_Data extract_
- Opening Delimiter -

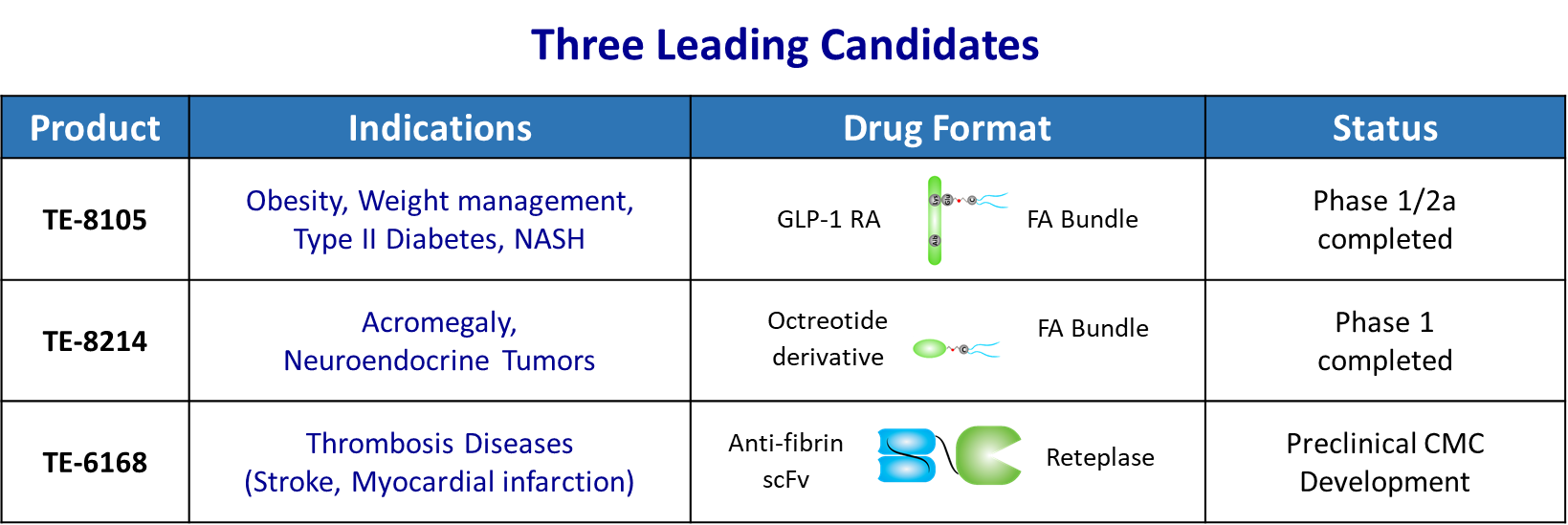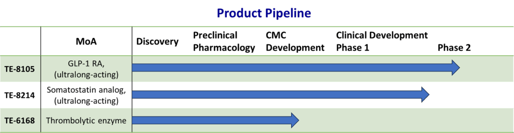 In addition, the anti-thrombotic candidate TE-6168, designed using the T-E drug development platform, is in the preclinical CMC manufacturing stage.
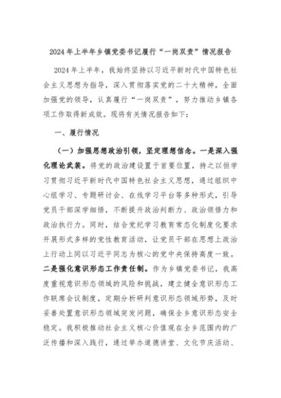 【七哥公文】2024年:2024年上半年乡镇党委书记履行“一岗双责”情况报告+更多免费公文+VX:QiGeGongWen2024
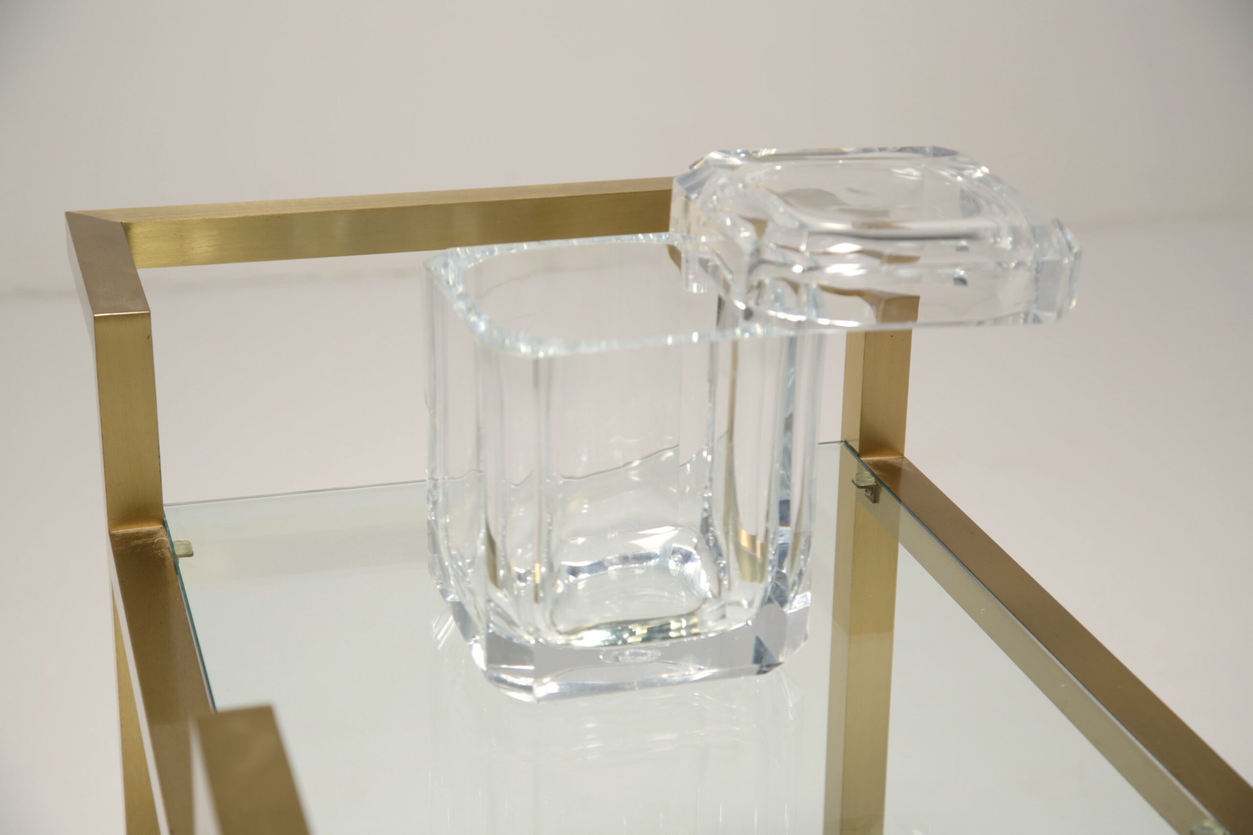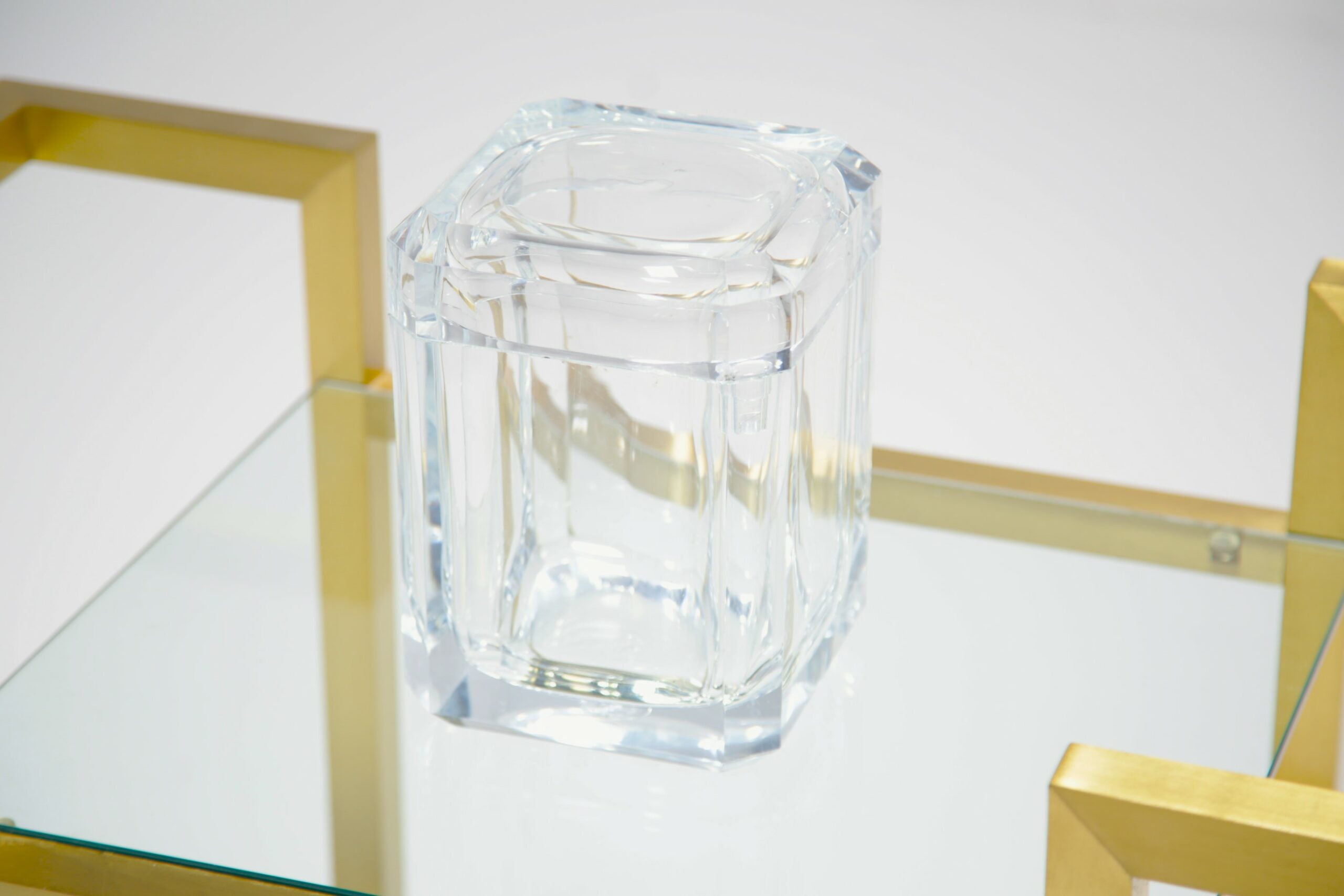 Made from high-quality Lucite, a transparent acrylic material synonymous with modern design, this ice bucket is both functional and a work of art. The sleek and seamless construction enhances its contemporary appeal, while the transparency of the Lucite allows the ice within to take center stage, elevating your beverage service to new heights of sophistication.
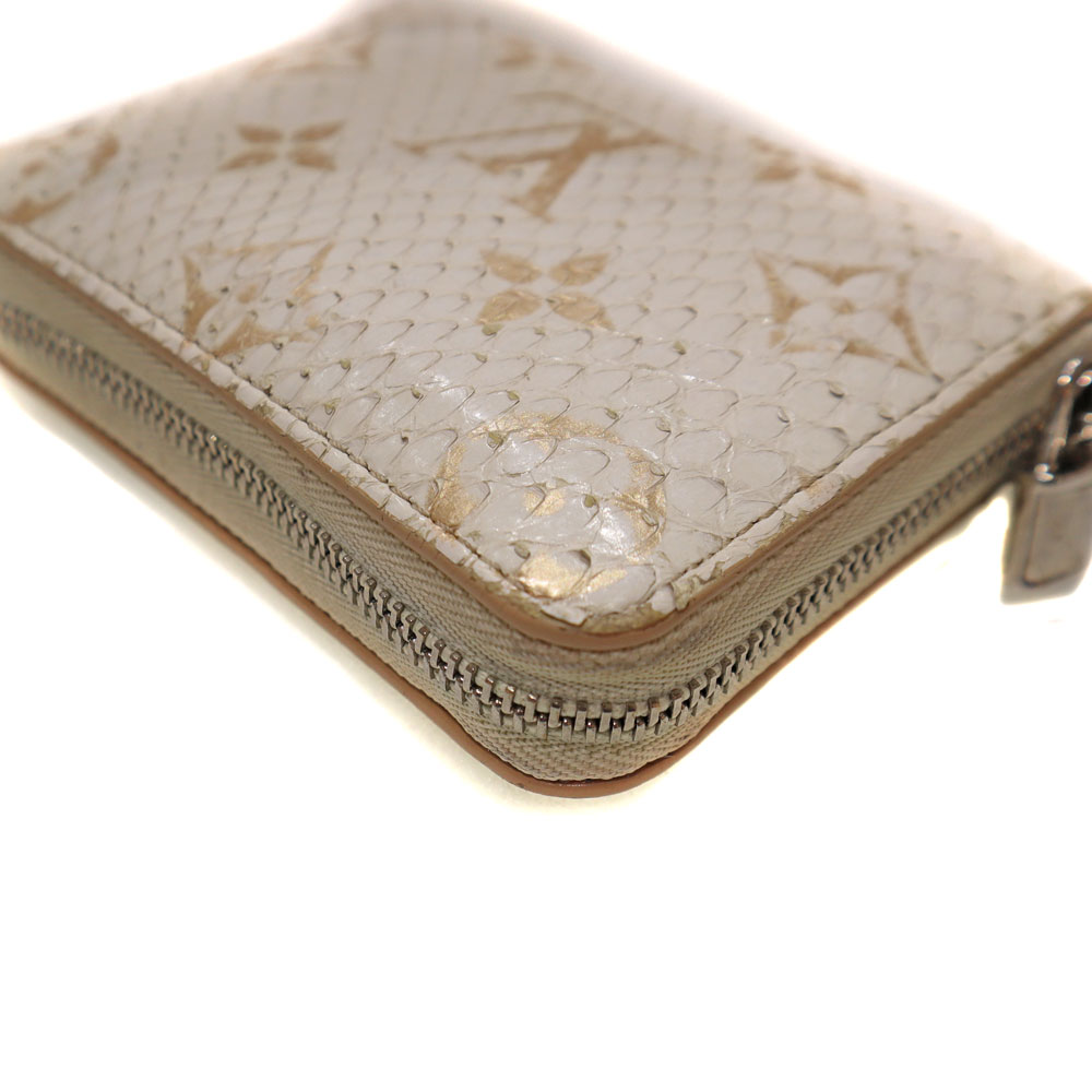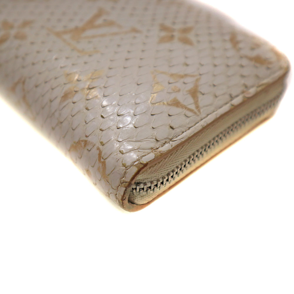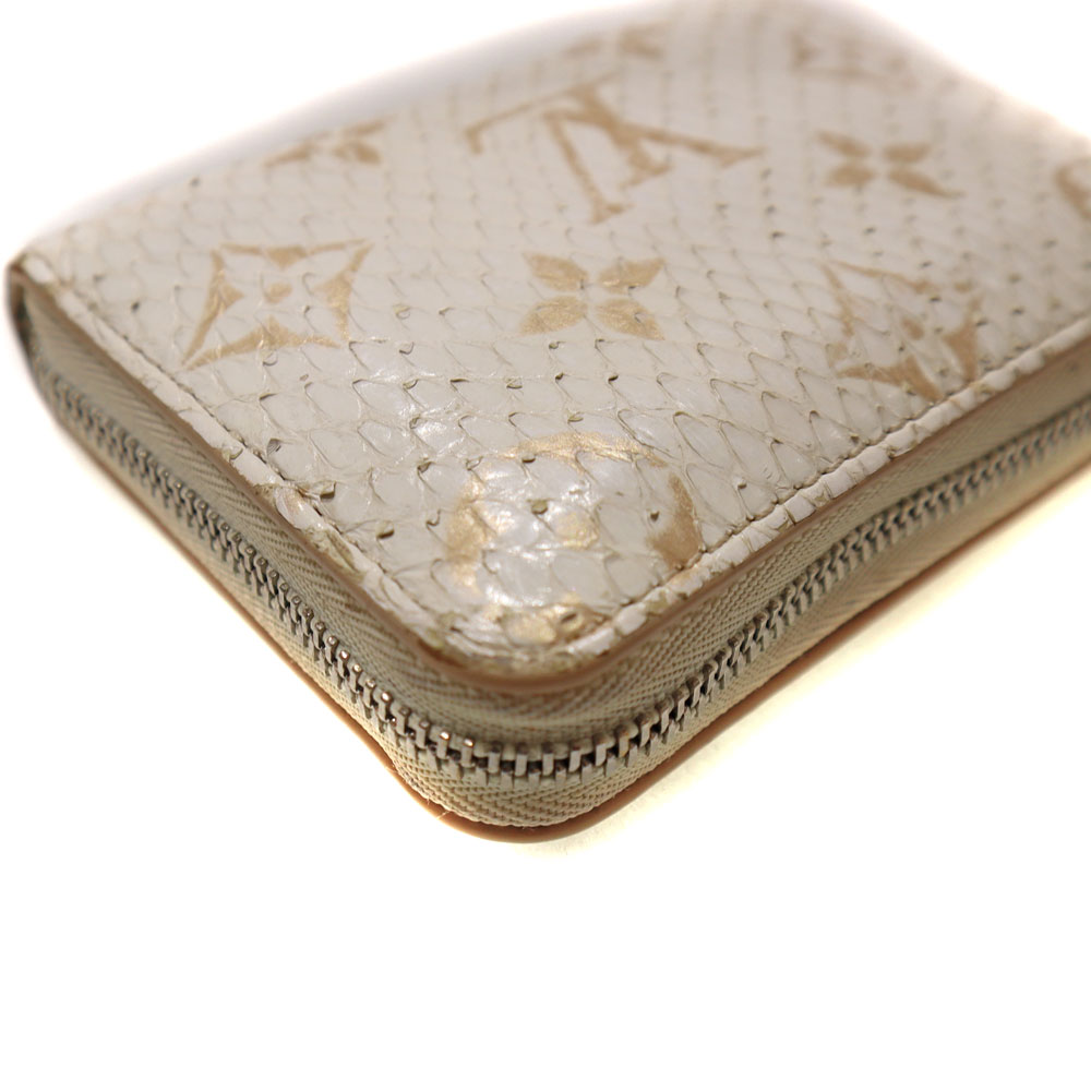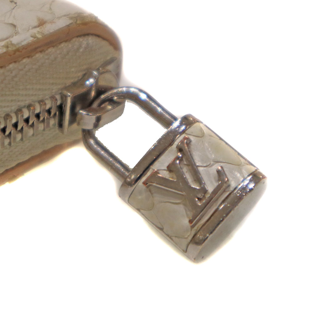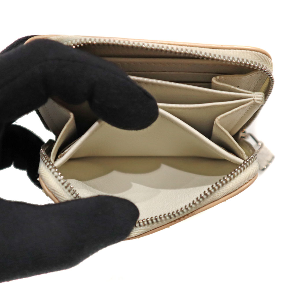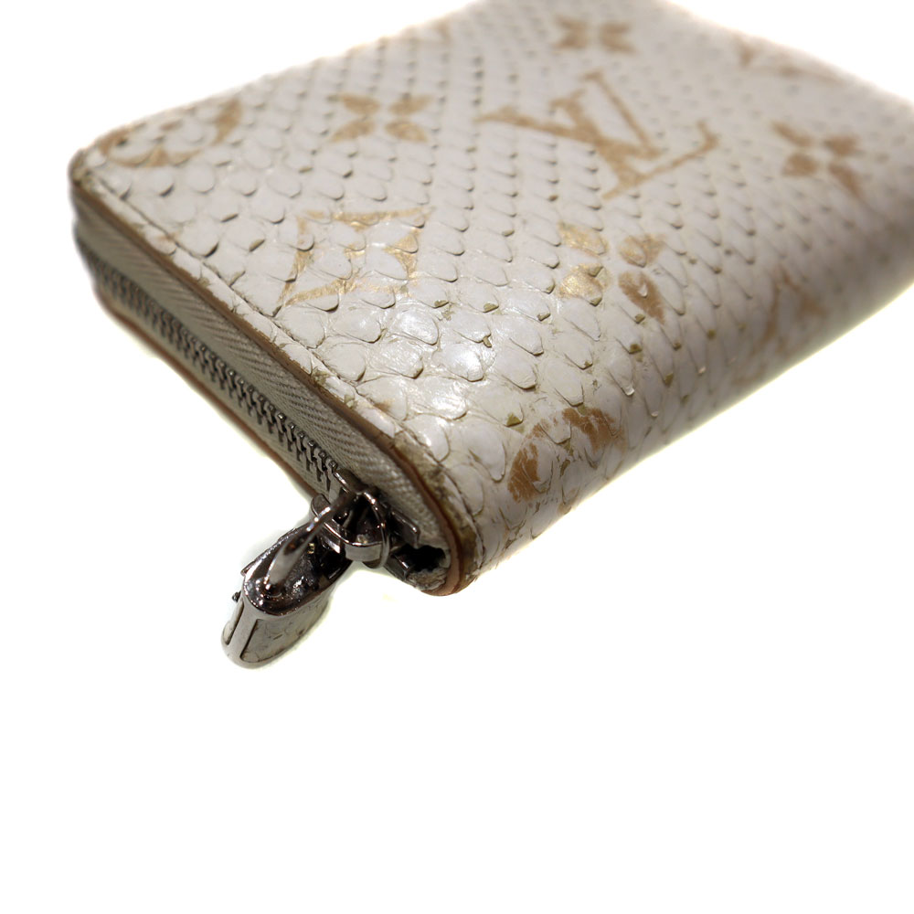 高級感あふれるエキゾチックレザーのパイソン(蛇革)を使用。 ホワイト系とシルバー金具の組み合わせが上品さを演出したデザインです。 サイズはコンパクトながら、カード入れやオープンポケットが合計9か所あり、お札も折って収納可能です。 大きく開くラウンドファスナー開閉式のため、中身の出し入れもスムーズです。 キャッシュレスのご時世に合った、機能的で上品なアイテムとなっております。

- Closing Delimiter -

_Task instructions_
Starting at the line that holds "Made from high-quality" and stopping at the last line of the listing above, write out each line exactly as it appears, and omit the pictures.

_Response area_
 Made from high-quality Lucite, a transparent acrylic material synonymous with modern design, this ice bucket is both functional and a work of art. The sleek and seamless construction enhances its contemporary appeal, while the transparency of the Lucite allows the ice within to take center stage, elevating your beverage service to new heights of sophistication.
 高級感あふれるエキゾチックレザーのパイソン(蛇革)を使用。 ホワイト系とシルバー金具の組み合わせが上品さを演出したデザインです。 サイズはコンパクトながら、カード入れやオープンポケットが合計9か所あり、お札も折って収納可能です。 大きく開くラウンドファスナー開閉式のため、中身の出し入れもスムーズです。 キャッシュレスのご時世に合った、機能的で上品なアイテムとなっております。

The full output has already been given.